== AIM OF THE TASK ==
Keep images out and repeat all data exactly.

== DATASET SECTION ==
-*-

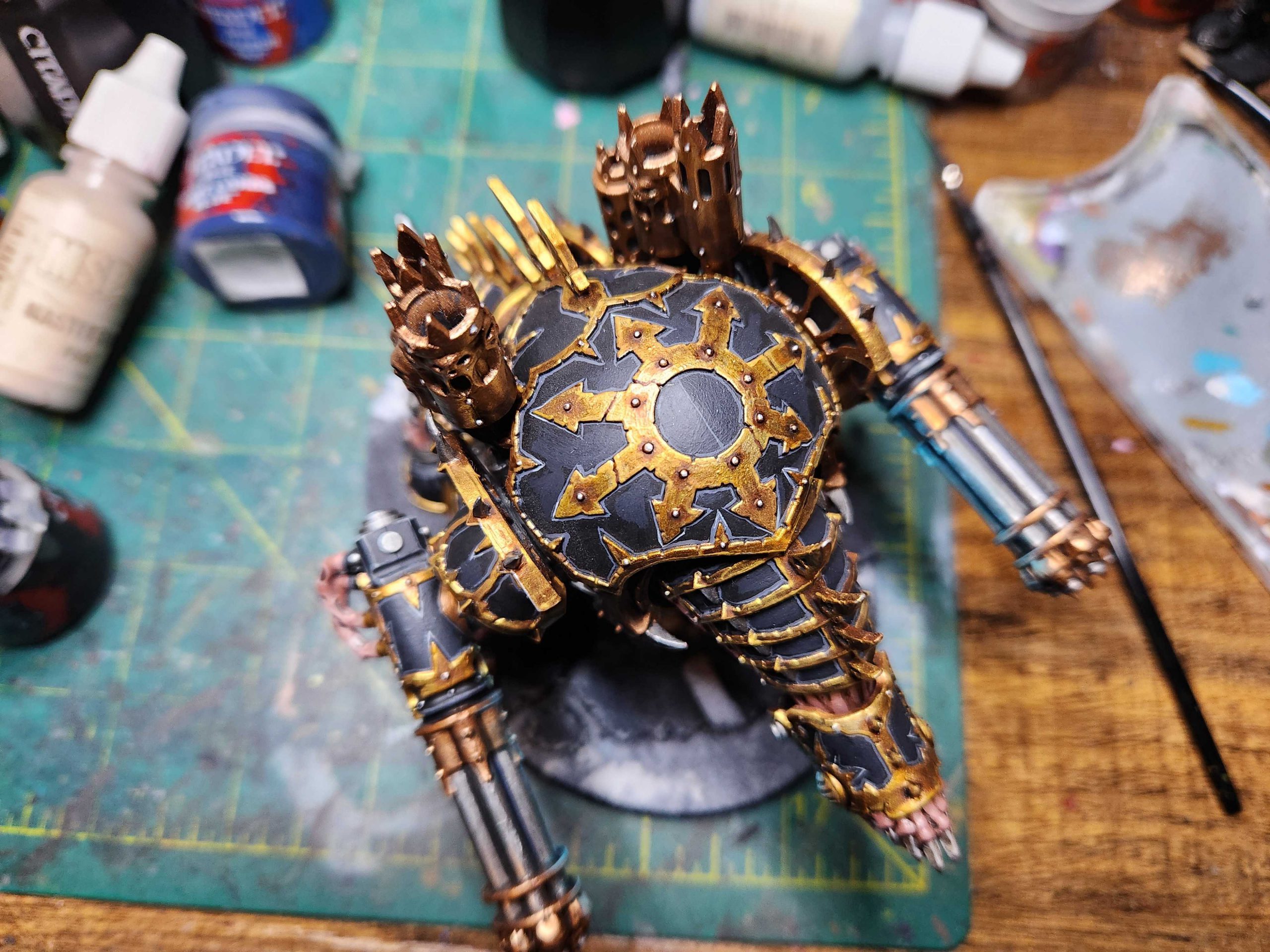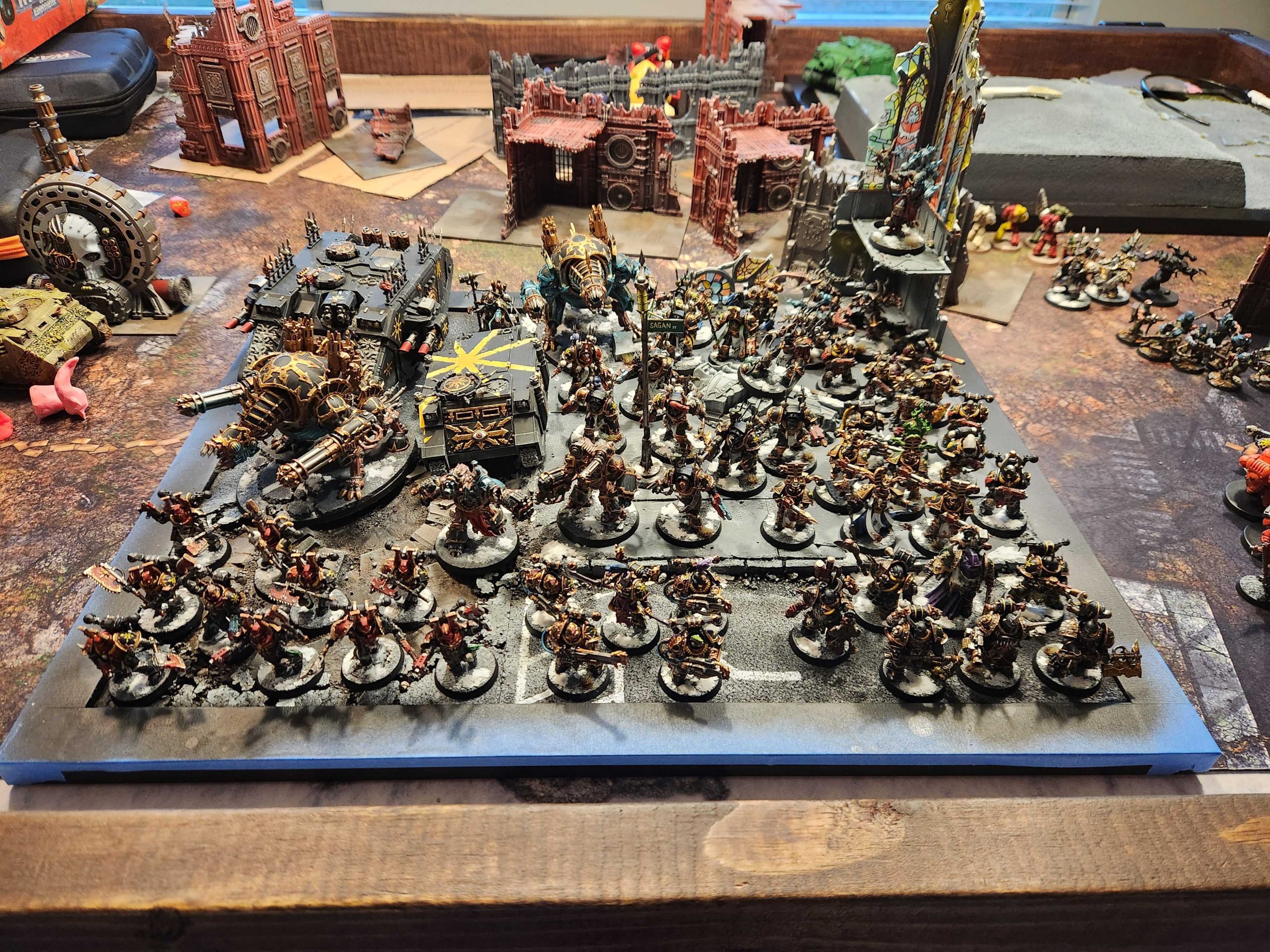 Alright let's take some photos of these bad boys to show off my hard work. A lot went into this army and I'm extremely proud of how they look - my best army to date and it isn't close. It's still got decent power - there's a unit of Forgefiends and Berzerkers and a big blob of Terminators - but it also goes hard on the theme in that I'll have one unit of each god in every game I play. On the whole I'm very happy with how it turned out and excited to take it to Atlanta. The hard part will be traveling with it but I think it's just small enough and infantry-heavy enough that it should easily fit into my large Citadel case.
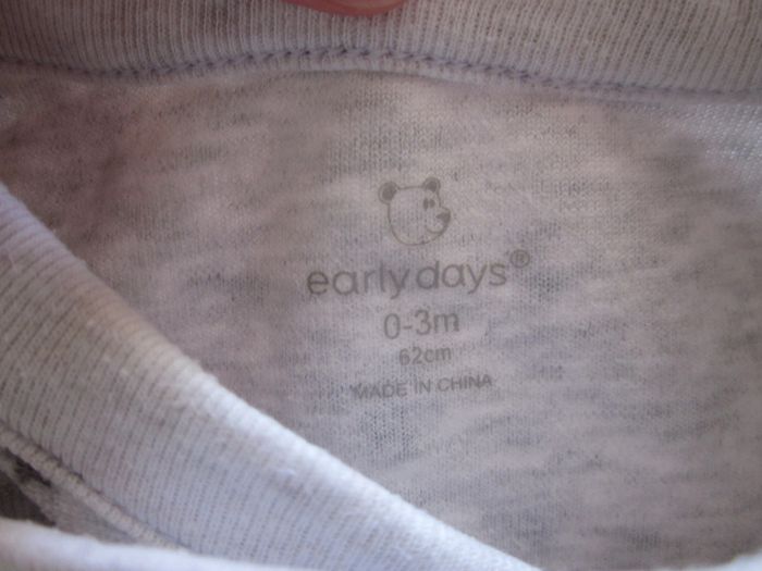 Pyjama velours 2 pièces Gris motifs petites étoiles Coton, polyester Bon état (la bordure du haut du pyjama a décolorée) Early days, 3 mois / 62 cm Nombreuses annonces disponibles Dressing trié par catégories et tailles #Baby_Boy_3_mois #Baby_Girl_3_mois
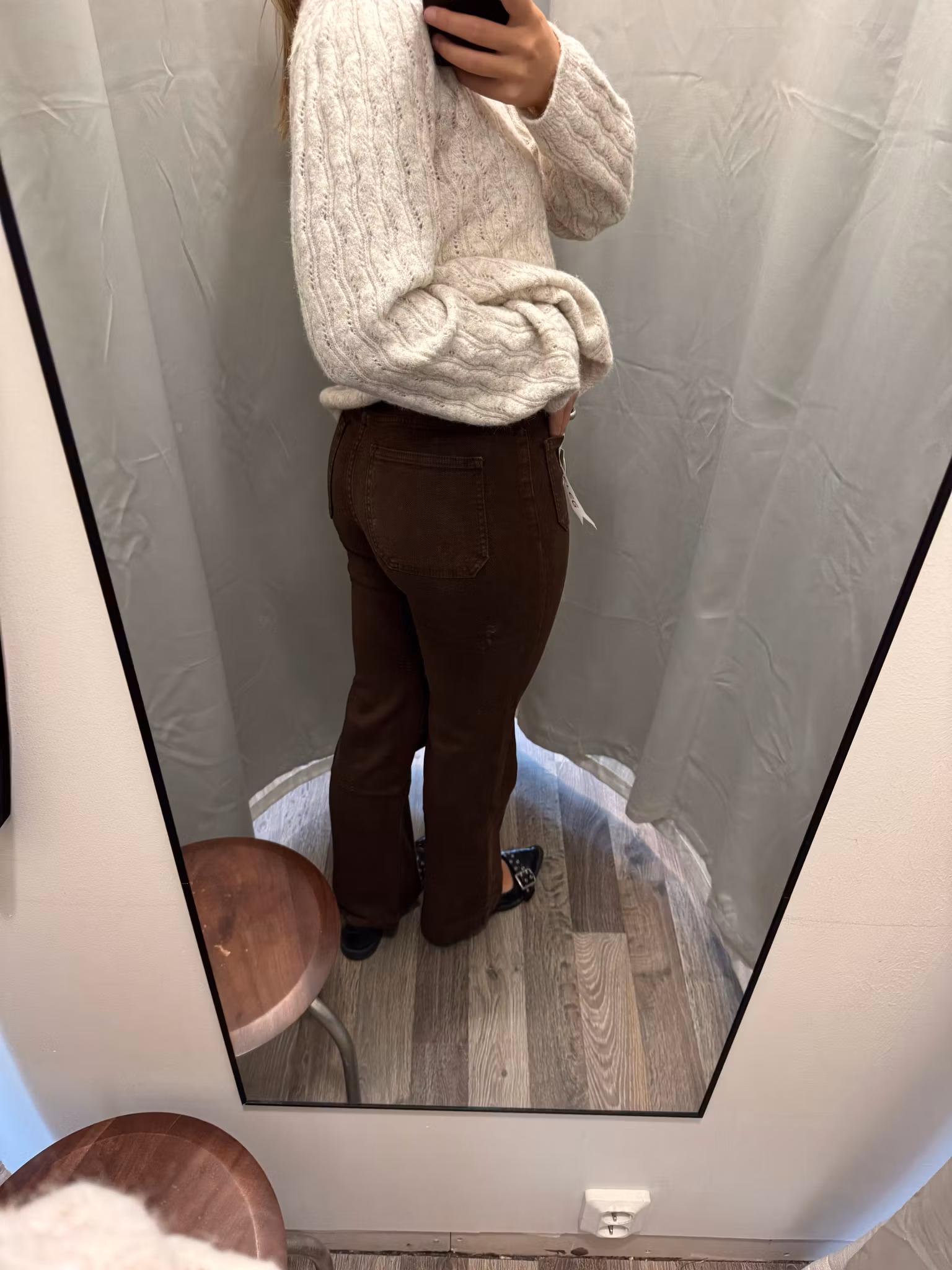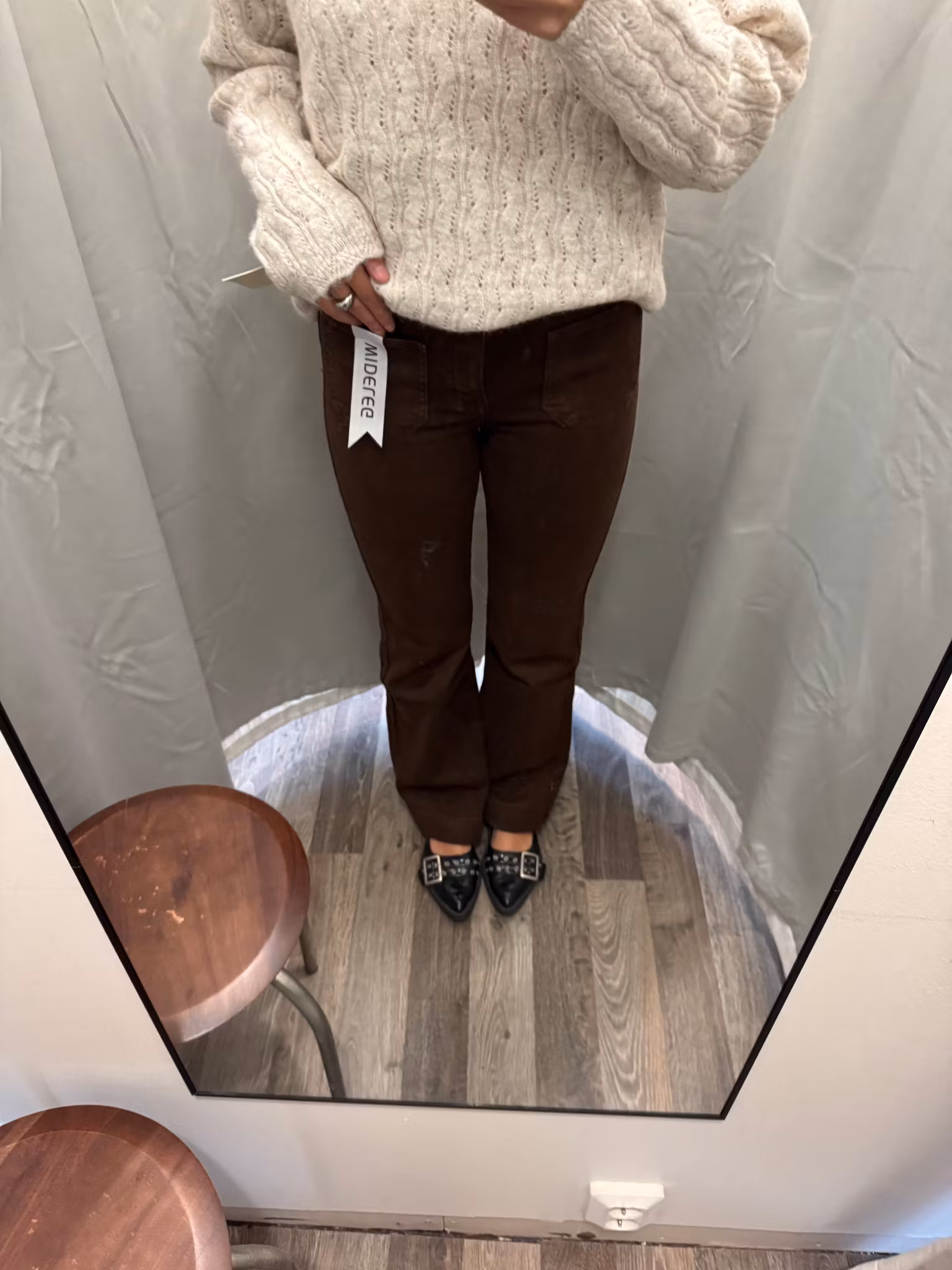 Stretchiga jeans i full-längd i en brun tvätt med roliga fickor framtill. Dem sitter tajt över låren och släpper från knät och blir helt raka. Dessa är normala i storleken men eftersom dem är stretchiga så kan du som pendlar mellan två storlekar ta din mindre.

-*-

== RESULT OF THE EXERCISE ==
 Alright let's take some photos of these bad boys to show off my hard work. A lot went into this army and I'm extremely proud of how they look - my best army to date and it isn't close. It's still got decent power - there's a unit of Forgefiends and Berzerkers and a big blob of Terminators - but it also goes hard on the theme in that I'll have one unit of each god in every game I play. On the whole I'm very happy with how it turned out and excited to take it to Atlanta. The hard part will be traveling with it but I think it's just small enough and infantry-heavy enough that it should easily fit into my large Citadel case.
 Pyjama velours 2 pièces Gris motifs petites étoiles Coton, polyester Bon état (la bordure du haut du pyjama a décolorée) Early days, 3 mois / 62 cm Nombreuses annonces disponibles Dressing trié par catégories et tailles #Baby_Boy_3_mois #Baby_Girl_3_mois
 Stretchiga jeans i full-längd i en brun tvätt med roliga fickor framtill. Dem sitter tajt över låren och släpper från knät och blir helt raka. Dessa är normala i storleken men eftersom dem är stretchiga så kan du som pendlar mellan två storlekar ta din mindre.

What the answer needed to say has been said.